La felicidad de las moscas optimistas -Relato-

    Este es un relato sobre la felicidad de las moscas optimistas.

    En un bonito paisaje tricolor vivían un manojo de moscas que al llegar al invierno, se guardaban en los poros de las paredes de cal, de esas paredes abombadas o con protuberancias.

    moscas optimistas

    Son felices las moscas

    Las moscas optimistas, las que levantan el vuelo y sobreviven a todo un  verano, puede que sean felices. ☺
    Ya no saldrán hasta bien entrada la primavera y el verano y al estilo de las moscas cojoneras se posan en nuestros bigotes, platos, orejas, ojos.

    Eso es el cariño que nos tienen, porque las moscas no tienen complejos, son exploradoras cuando se posan sobre nosotros, sobre nuestras comidas. Son maleducadas también porque no piden permiso, solo agitan sus alas y caen en picado en un plato o en la punta de tu nariz.

    Como la inocencia de un bebé o un niño pequeño, las moscas parece que no tienen edad, porque molestan sin prejuicios. No piensan, como sus hermanos los mosquitos, que hacen más daño con los picotazos.

    Es por ello, que si vas a un arrozal o a un delta es recomendable que te lleves pomadas y medicamentos. Consulta en tu farmacia. Luego puede que llegue una plaga moscosa o no.

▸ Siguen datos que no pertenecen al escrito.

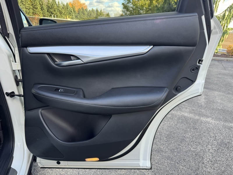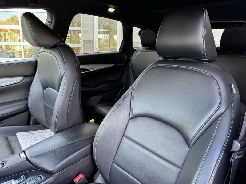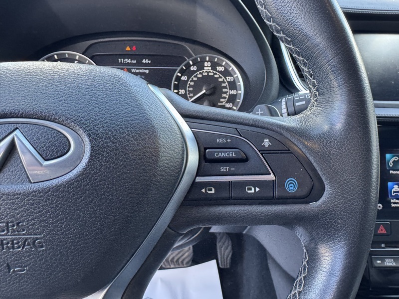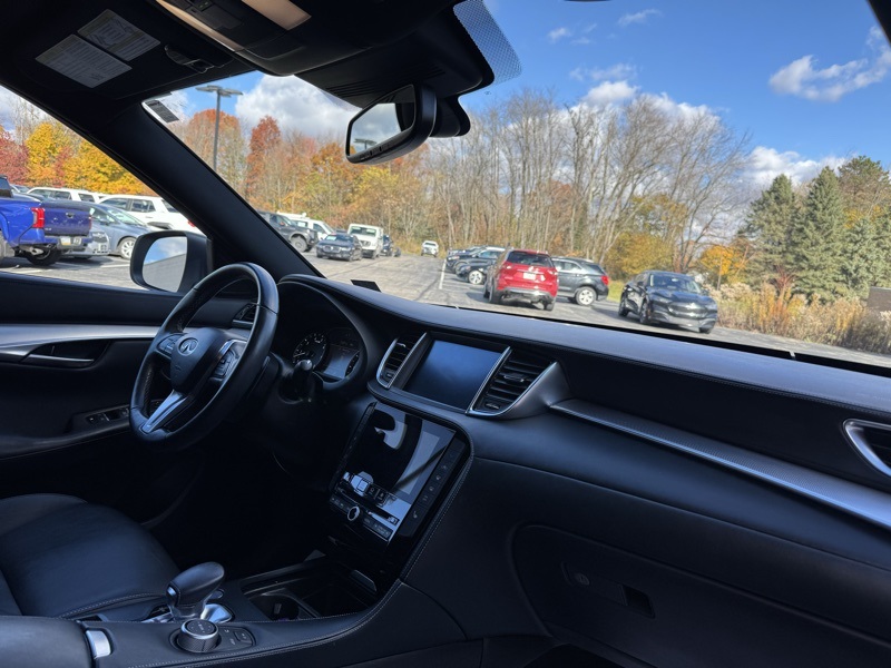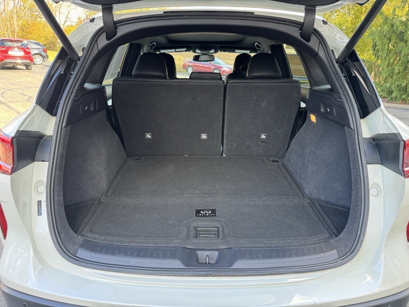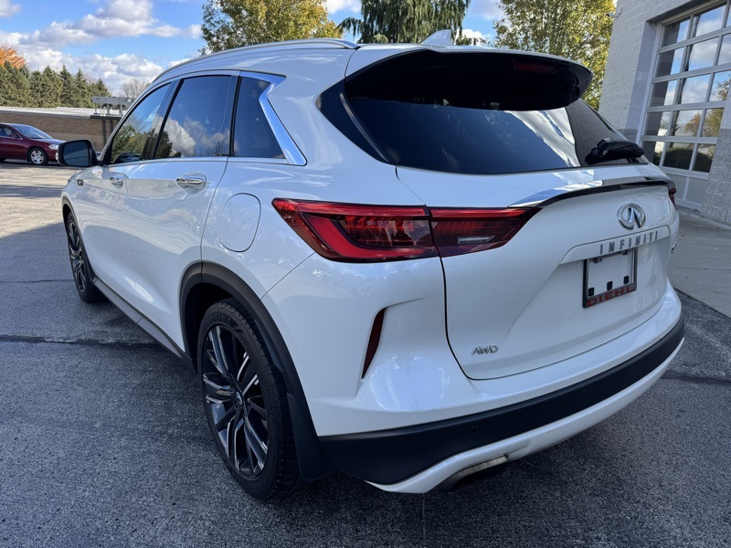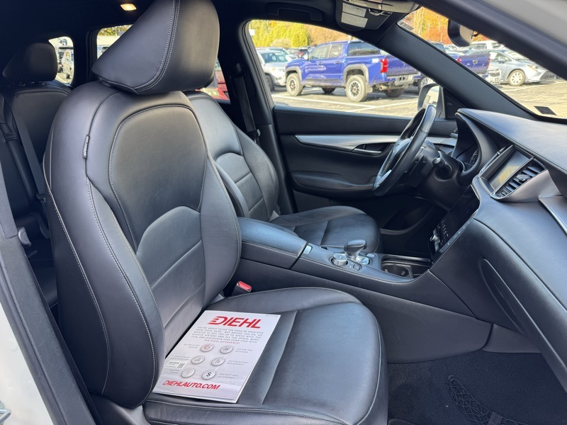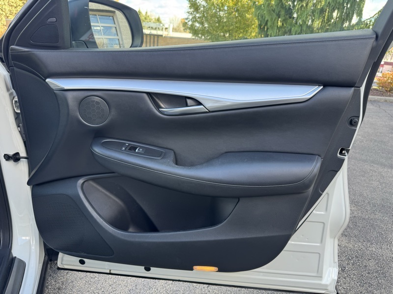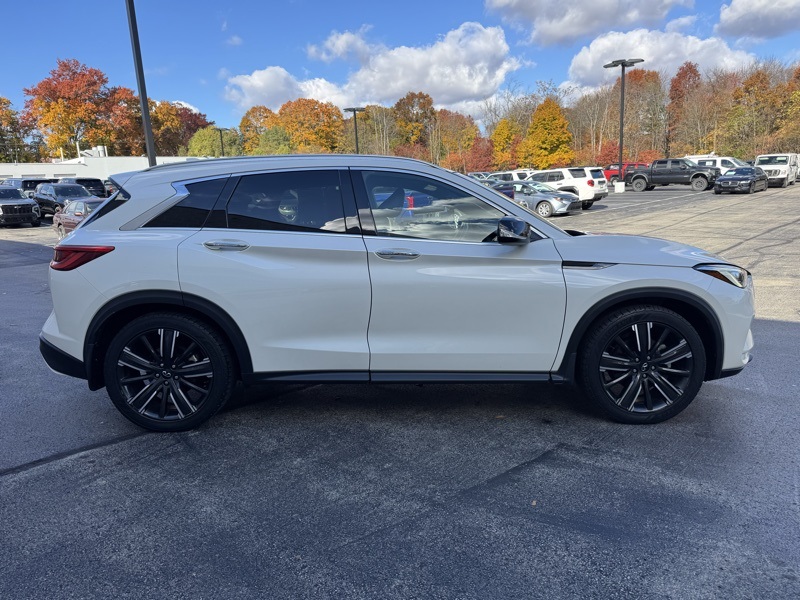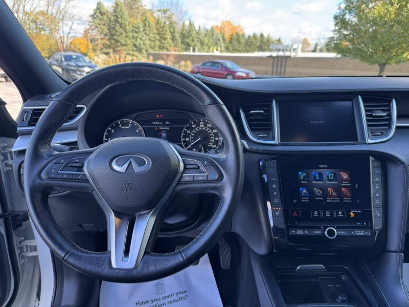 Majestic White 2021 INFINITI QX50 LUXE 4D Sport Utility AWD I4 CVT Appearance Package (Black Grille Mesh, Black Outside Mirror Caps, Body Color Rear Diffuser, Dark Chrome Front Fender Accent, Dark Chrome Front Grille Surround, Dark Chrome Tailgate Finisher, Graphite Headliner, Heated Outside Mirrors, and Wheels: 20" Black and Machine Finished), Cargo Package, 4-Wheel Disc Brakes, 5.846 Axle Ratio, 6 Speakers, ABS brakes, Air Conditioning, Alloy wheels, AM/FM radio: SiriusXM, AM/FM/CD Audio System, Anti-whiplash front head restraints, Apple CarPlay/Android Auto, Auto High-beam Headlights, Auto-dimming Rear-View mirror, Automatic temperature control, Brake assist, Bumpers: body-color, CD player, Delay-off headlights, Driver door bin, Driver vanity mirror, Dual front impact airbags, Dual front side impact airbags, Electronic Stability Control, Emergency communication system: INFINITI InTouch, Exterior Parking Camera Rear, Floor Mats, Four wheel independent suspension, Front anti-roll bar, Front Bucket Seats, Front Center Armrest, Front dual zone A/C, Front fog lights, Front reading lights, Garage door transmitter: HomeLink, Heated Front Bucket Seats, Heated front seats, Illuminated entry, Illuminated Kick Plates, Knee airbag, Leather Shift Knob, Leatherette Seat Trim, Literature Kit, Low tire pressure warning, Occupant sensing airbag, Outside temperature display, Overhead airbag, Overhead console, Panic alarm, Passenger door bin, Passenger vanity mirror, Power door mirrors, Power driver seat, Power Liftgate, Power moonroof, Power passenger seat, Power steering, Power windows, Radio data system, Rear anti-roll bar, Rear Parking Sensors, Rear reading lights, Rear seat center armrest, Rear side impact airbag, Rear window defroster, Rear window wiper, Remote keyless entry, Security system, Speed control, Speed-sensing steering, Speed-Sensitive Wipers, Splash Guards (Set of 4), Split folding rear seat, Spoiler, Steering wheel mounted audio controls, Tachometer, Telescoping steering wheel, Tilt steering wheel, Traction control, Trip computer, Turn signal indicator mirrors, Variably intermittent wipers, Welcome Lighting, and Wheels: 19" x 7.5J Silver Painted Alloy. 22/28 City/Highway MPG

    El invierno es paz para los humanos

    Tuvo que llegar el invierno, lleno de frío intenso para que las moscas no sintieran nuestro calor y se cobijaran entre paredes, se convirtieran en gusanos o algo así o en nebulosas como las telarañas.
    Para nosotros es una molestia en verano y además, aunque no está demostrado pueden originar infecciones. Sus hermanos los mosquitos si que son malitos y traviesos, te pegan unos picotazos. ¿Has notado cuando te pican en un dedo del pie? Ni arrascándote eres feliz.
    Por eso he llamado a este relato la felicidad de las moscas optimistas

    Las moscas optimistas molestan insconscientemente

    Hay otras moscas que por lo que sea no se han podido desplazar y permanecen el invierno con nosotros.
    Cuando podemos todo guisque las echa a la rue. ¡Qué penita!
    Hay una anécdota oriental en la que dos moscas caen a un tarro de cristal que tenía leche.
    Una le dice a la otra: aquí morimos.
    Pero una insistió. La otra no hizo nada y se murió. En cambio la primera empezó a removerse y la leche la convirtió en mantequilla y se salvó.
    ¡Qué felices son las moscas optimistas!